The way to think about this is as Donald Trump best representing those who believe globalization has gone too far and want to ratchet back its impact, by force if necessary. And part and parcel of that anti-globalization movement is unilateral action premised on a “might makes right” ethos.

The way I think of it is as Trump abrogating America’s pledge to be a benevolent superpower that maintains a global world order. Instead, under Trump, the US will be one of many global actors looking to make the best deals for their own national interests. But, in Trump’s vision, the US will be first among those many because of its size and might and ability to bend others to its will through force.

This gives an umbrella under which similarly-minded politicians can also act unilaterally, where success depends chiefly on negotiating advantage and the ability to bend other nations to their will.

1 Big Thing: US international might

Reading a German account of the coming re-imposition of US sanctions on Iran gives you a sense of the broad power of the US government to impose its will on foreign actors.

The Trump Administration position is that the deal the Obama Administration worked out with Iran – hammered out with near complete opposition by Republicans – never should have happened. And so, he is in his right to rescind it and reimpose a sanctions regime to bring Iran to heel.

Goals: The question is what the objectives of the re-imposition of sanctions are. The Trump Administration says it wants to prevent the Iranians from acquiring nuclear weapons. However, the German-language article says quite clearly the purpose is regime change in order to stop Iranian actions in the Middle East in support of Assad’s Syria, Hezbollah in Lebanon, Hamas in the Gaza Strip, militant Shiite groups in Iraq and Houthi rebels in Yemen. By making the economic lives of ordinary Iranians so difficult that they elect new leaders, the Trump Administration believes it can force regime change from the outside.

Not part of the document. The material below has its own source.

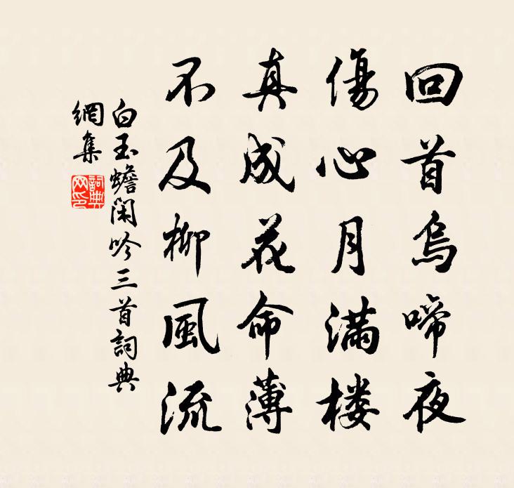 詩詞名句歷史字典書法欣賞書法字典國語詞典說文解字康熙字典古漢語字典標 題 作 者 詩 句 閒吟三首作者:白玉蟾 朝代:宋代閒吟三首原文回首烏啼夜,傷心月滿樓。真成花命薄,不及柳風流。詩詞問答問:閒吟三首的作者是誰?答:白玉蟾問:閒吟三首寫於哪個朝代?答:宋代問:閒吟三首是什麼體裁?答:五絕白玉蟾閒吟三首書法欣賞閒吟三首書法作品詩詞推薦再和楊公濟梅花十絕蘇軾〔宋代〕天教桃李作輿台,故遣寒梅第一開。憑仗幽人收艾納,國香和雨入青苔。垂虹亭觀打魚斫鱠四首楊萬里〔宋代〕鱸魚小底最為佳,一白雙腮是當家。旋看水盤堆白雪,急風吹去片銀花。題浣川戴栩〔宋代〕五十知非雪鬢鮮,尚將疏褊謫塵緣。近來萬境心如洗,笑改斜川作浣川。次德和韻寄談李二丈二首王阮〔宋代〕心在淮山下,身行湘水中。喜拋餘子去,恨不故人同。舊隱勞征夢,浮名任化工。衡陽春漸暖,終欲伴歸鴻。予鄧峒□巽齋歐陽先生為淦鄧峒賦詩以孝子慈文天祥〔宋代〕乃翁猶旅殯,霜露幾焄蒿。日與清江游,雲連桂嶺高。時無郭元振,夢有令狐綯。目斷方田墓,招魂我欲騷。太廟樂章皇帝閣六首周麟之〔宋代〕鳳蓋龍車玉作輪,茲臨紫畦謁三神。已將福酒添眉壽,更祝椒觴一萬春。題無訟堂屏上袁安臥雪圖楊萬里〔宋代〕雲窗避三伏,竹床橫一丈。退食急祖跣,病身聊偃仰。有夢元無夢,似想亦非想。滿堂變冥晦,寒陰起森爽。門外壬子九日登山小酌陸游〔宋代〕老懷多感驚佳節,病骨宜寒喜薄霜。玉膾齏中橙尚綠,彩貓糕上菊初黃。幾年虛負登高興,何許重尋落帽狂?淺酌太令人趙氏輓詞樓鑰〔宋代〕姻婭托三槐,同朝得往來。迎春煩設席,舉壽荷攜杯。京尹俄遭難,都人亦助哀。琅琅垂絕語,烈婦信高哉。送七兄監廟赴南宮兼吾大兄知縣二首周必大〔宋代〕俊兄才學眾人知,富貴功名自有時。海運今看鵬怒擊,韶成始是鳳來儀。狀頭謾詫文階峻,榜眼常多紫綬垂。家有詠毛女陳摶〔宋代〕曾折松枝為寶櫛,又編栗葉作羅襦。有時問著秦宮事,笑撚仙花望太虛。即事口占趙與無〔宋代〕生平夢不到浯溪,此日欣從使者來。天放一晴舒眼界,大江橫上八樽罍。題招提院靜照堂張芻〔宋代〕槜李舊禪扉,叢林自翠微。寺居天外靜,僧向日邊歸。野水涵齊幾,閒雲宿釣磯。庭前祖來意,誰為相依依。示法泉侍者釋宗杲〔宋代〕言前超佛祖,日輪正當午。豁開三要關,一擊塗毒鼓。既發上頭機,莫問千鈞弩。放去絕遮攔,捏聚非回互。咄哉又和郭印〔宋代〕披風擎露曉光寒,玉立霜階照碧鮮。誰遣翩翩離海底,寶釵交映萃群仙。隱居陳羽〔唐代〕稚子新能編筍笠,山妻舊解補荷衣。秋山隔岸清猿叫,湖水當門白鳥飛。緣識宋太宗〔宋代〕年年柳與韶光契,春風便作開花便。黃鶯到處不絕聲,嫩葉芽新生翡翠。【越調】天淨沙商衟〔元代〕寒梅清秀誰知?霜禽翠羽同期,瀟灑寒塘月淡。暗香幽意,一枝雪裡偏宜。剡溪媚壓群芳,玉容偏稱宮妝,暗惹詩借樓王諶〔宋代〕借得小樓聊寄跡,夜深猶自未扃扉。鼠搖暗壁驚人夢,螢度破窗粘客衣。舊隱圖書從水汎,後園松菊與心違。思量楠樹為風雨所拔嘆杜甫〔唐代〕倚江楠樹草堂前,故老相傳二百年。誅茅卜居總為此,五月仿佛聞寒蟬。東南飄風動地至,江翻石走流雲氣。乾排名句推薦芰荷迭映蔚,蒲稗相因依。謝靈運《石壁精舍還湖中作》 問君何能爾?心遠地自偏。陶淵明《飲酒·其五》 知道自家是何等身份,則不敢虛驕矣王永彬《圍爐夜話·第三六則》 紛紛暮雪下轅門,風掣紅旗凍不翻。岑參《白雪歌送武判官歸京》 薄衾小枕涼天氣,乍覺別離滋味。柳永《憶帝京·薄衾小枕涼天氣》 強整繡衾,獨掩朱扉,枕簟為誰鋪設。阮逸女《花心動·春詞》 將軍角弓不得控,都護鐵衣冷難著。岑參《白雪歌送武判官歸京》 以陽求陰,苞以德也;以陰結陽,施以力也。王詡《鬼谷子·捭闔》 丈夫不能再辱。班固《漢書·傳·李廣蘇建傳》 悵恨不逢如意酒。尋思難值有情人。晏幾道《浣溪沙·閒弄箏弦懶系裙》

What are the likely sanctions? Details are coming this week. But expect the following:

  • Sanctions on Iranian purchases of US dollars
  • Sanctions on Iranian dealings in gold and other precious metals with anyone
  • Sanctions on Iranian dealings with metals, coals and software related to industrial production with anyone
  • Ban on the import of Iranian rugs and food into the US
  • In 90 days, a reduction of oil imports from Iran by anyone

Why this matters: As the German article says, the US is the largest market in the world. And companies that do business in Iran, do business globally. They do not want to lose access to the US market by flouting the US sanctions regime. So they are forced to comply, even though they are not under US jurisdiction. That’s the power of the US.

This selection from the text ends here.